[TASK BRIEF] Reproduce the whole listing word for word. Leave every image out.
Top of PROVIDED RECORDS
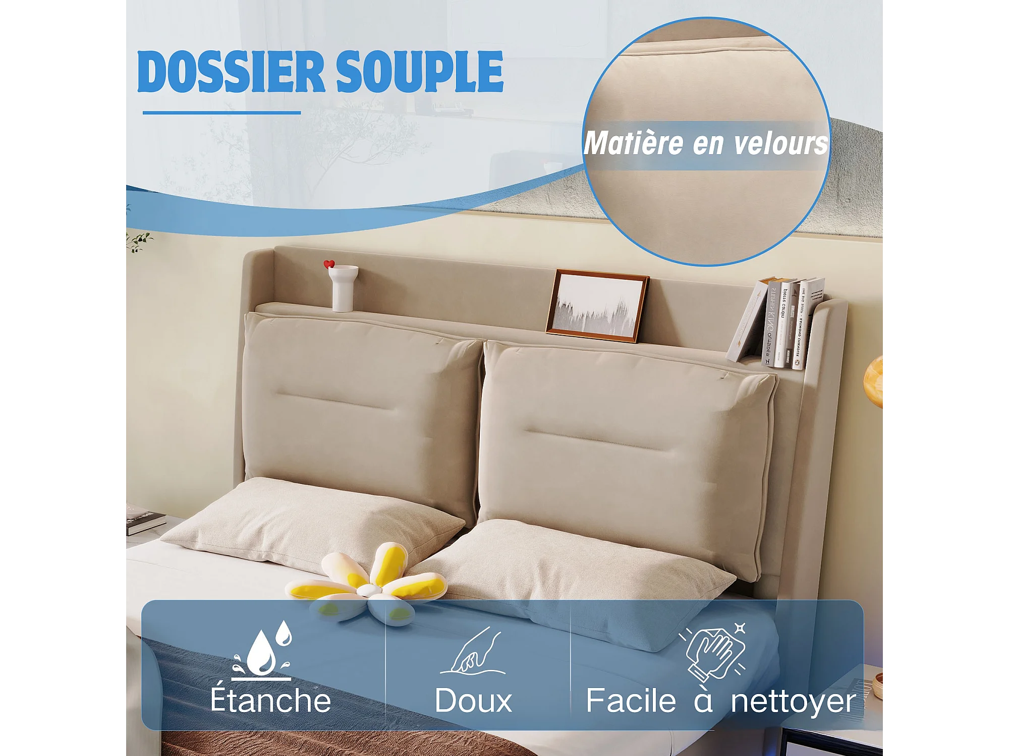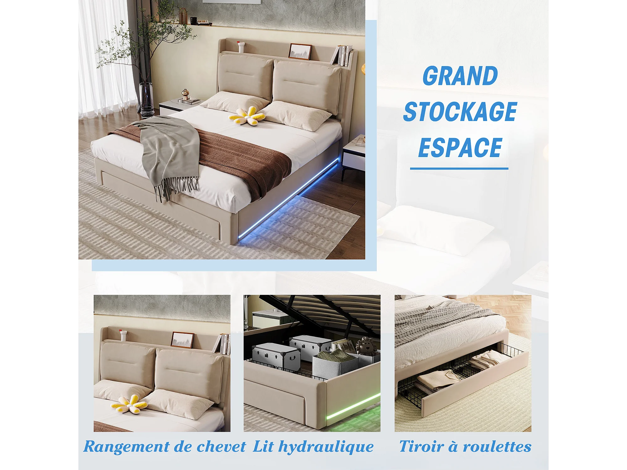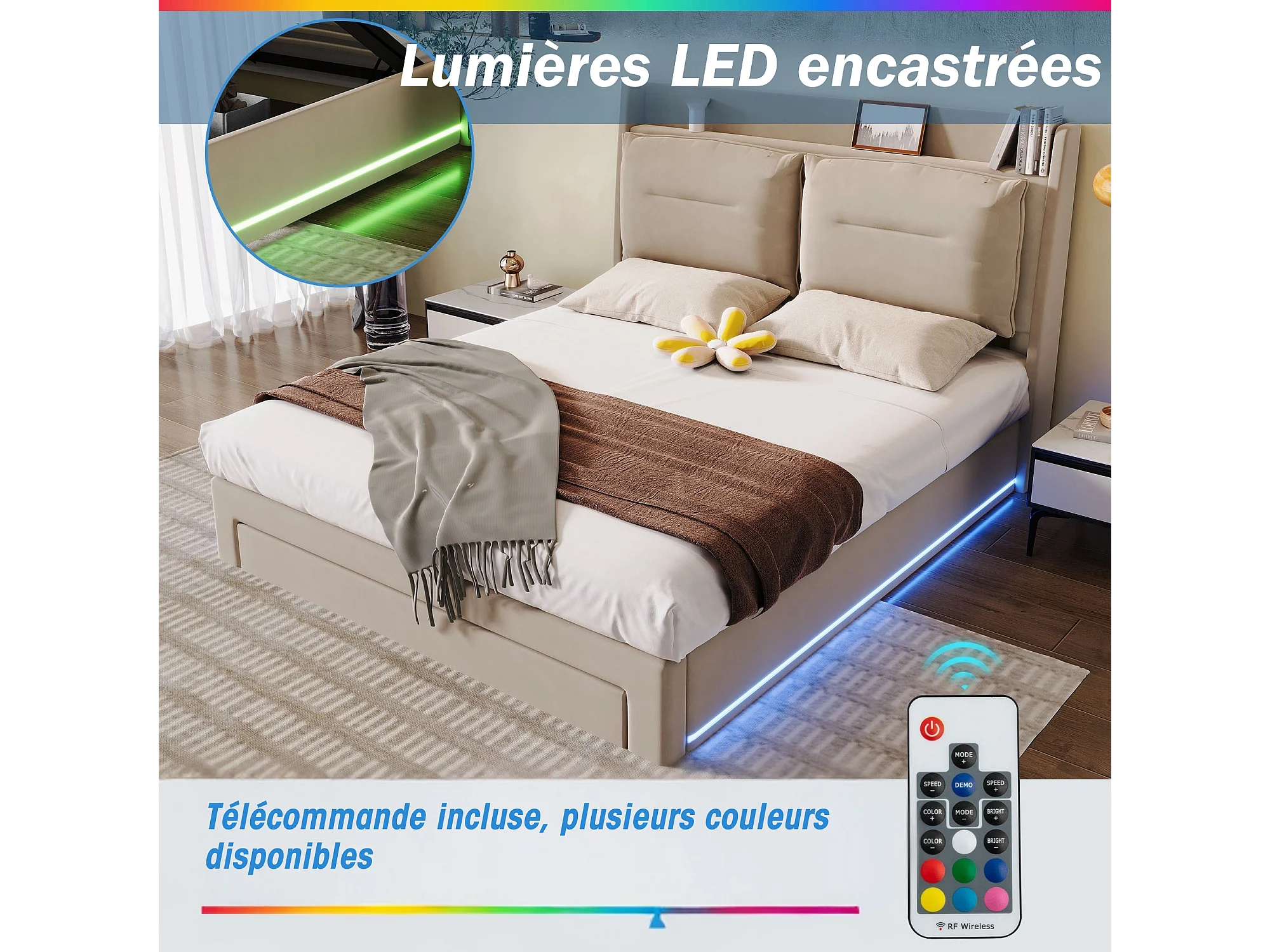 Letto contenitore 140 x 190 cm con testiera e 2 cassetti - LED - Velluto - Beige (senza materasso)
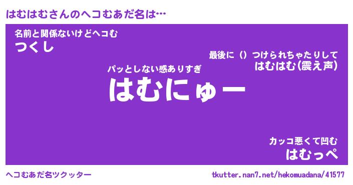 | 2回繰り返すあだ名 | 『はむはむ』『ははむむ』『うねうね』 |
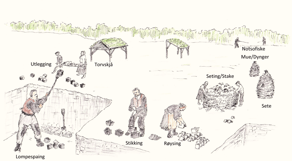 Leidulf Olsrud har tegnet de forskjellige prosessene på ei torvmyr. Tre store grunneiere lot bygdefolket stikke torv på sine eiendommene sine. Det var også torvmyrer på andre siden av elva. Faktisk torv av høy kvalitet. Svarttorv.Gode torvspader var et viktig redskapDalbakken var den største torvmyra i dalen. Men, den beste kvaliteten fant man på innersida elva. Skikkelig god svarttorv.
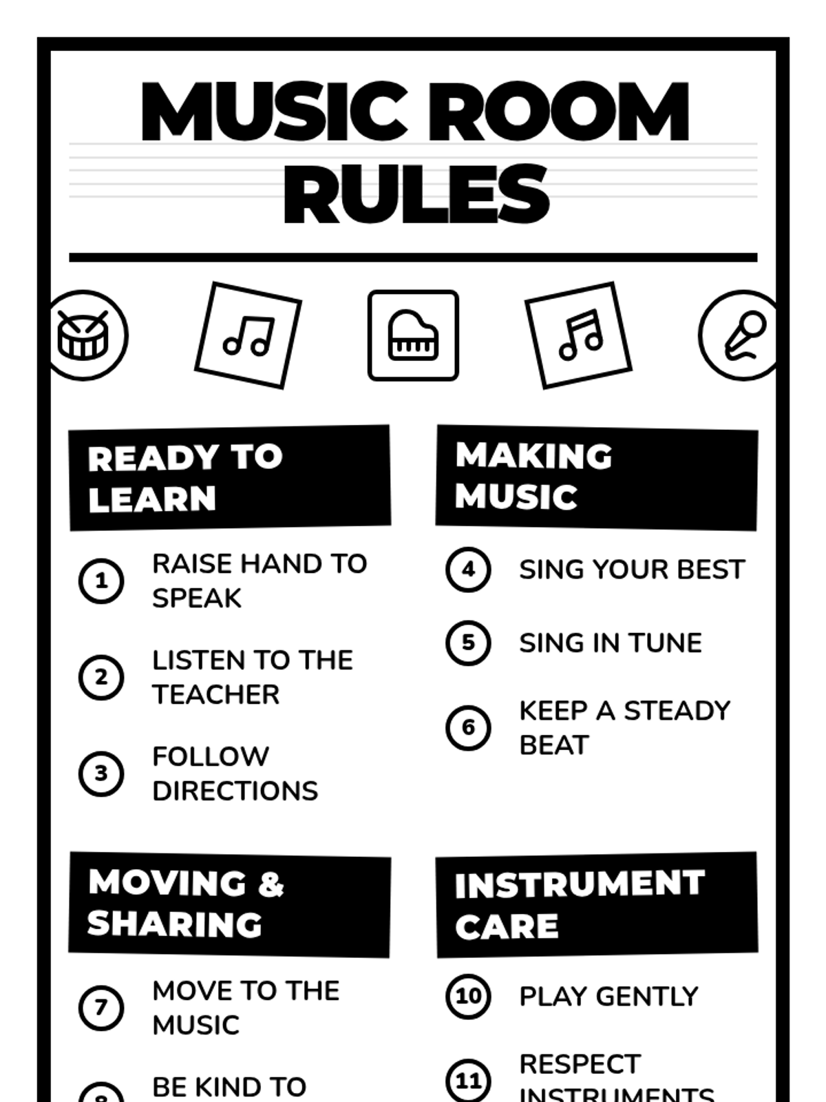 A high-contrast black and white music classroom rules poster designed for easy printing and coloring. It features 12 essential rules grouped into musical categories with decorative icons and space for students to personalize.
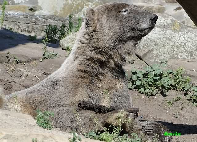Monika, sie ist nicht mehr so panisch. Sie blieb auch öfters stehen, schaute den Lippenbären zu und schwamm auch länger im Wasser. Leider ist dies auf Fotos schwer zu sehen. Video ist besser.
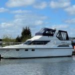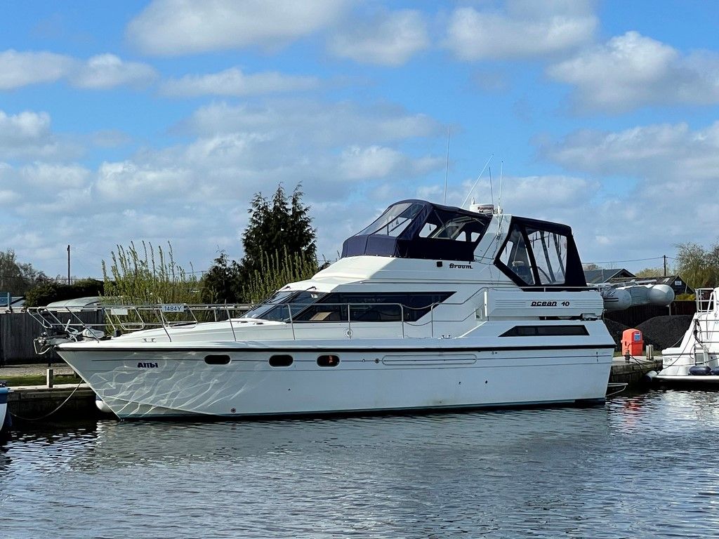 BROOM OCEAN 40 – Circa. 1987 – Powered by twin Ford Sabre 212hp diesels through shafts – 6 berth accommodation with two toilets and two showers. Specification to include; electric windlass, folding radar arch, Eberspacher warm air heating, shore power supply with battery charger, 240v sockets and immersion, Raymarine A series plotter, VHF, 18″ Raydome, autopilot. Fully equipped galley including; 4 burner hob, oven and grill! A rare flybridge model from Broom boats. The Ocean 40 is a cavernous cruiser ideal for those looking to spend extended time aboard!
Bottom of PROVIDED RECORDS
[OUTPUT FOR THIS EXERCISE]
 Letto contenitore 140 x 190 cm con testiera e 2 cassetti - LED - Velluto - Beige (senza materasso)
 | 2回繰り返すあだ名 | 『はむはむ』『ははむむ』『うねうね』 |
 Leidulf Olsrud har tegnet de forskjellige prosessene på ei torvmyr. Tre store grunneiere lot bygdefolket stikke torv på sine eiendommene sine. Det var også torvmyrer på andre siden av elva. Faktisk torv av høy kvalitet. Svarttorv.Gode torvspader var et viktig redskapDalbakken var den største torvmyra i dalen. Men, den beste kvaliteten fant man på innersida elva. Skikkelig god svarttorv.
 A high-contrast black and white music classroom rules poster designed for easy printing and coloring. It features 12 essential rules grouped into musical categories with decorative icons and space for students to personalize.
Monika, sie ist nicht mehr so panisch. Sie blieb auch öfters stehen, schaute den Lippenbären zu und schwamm auch länger im Wasser. Leider ist dies auf Fotos schwer zu sehen. Video ist besser.
 BROOM OCEAN 40 – Circa. 1987 – Powered by twin Ford Sabre 212hp diesels through shafts – 6 berth accommodation with two toilets and two showers. Specification to include; electric windlass, folding radar arch, Eberspacher warm air heating, shore power supply with battery charger, 240v sockets and immersion, Raymarine A series plotter, VHF, 18″ Raydome, autopilot. Fully equipped galley including; 4 burner hob, oven and grill! A rare flybridge model from Broom boats. The Ocean 40 is a cavernous cruiser ideal for those looking to spend extended time aboard!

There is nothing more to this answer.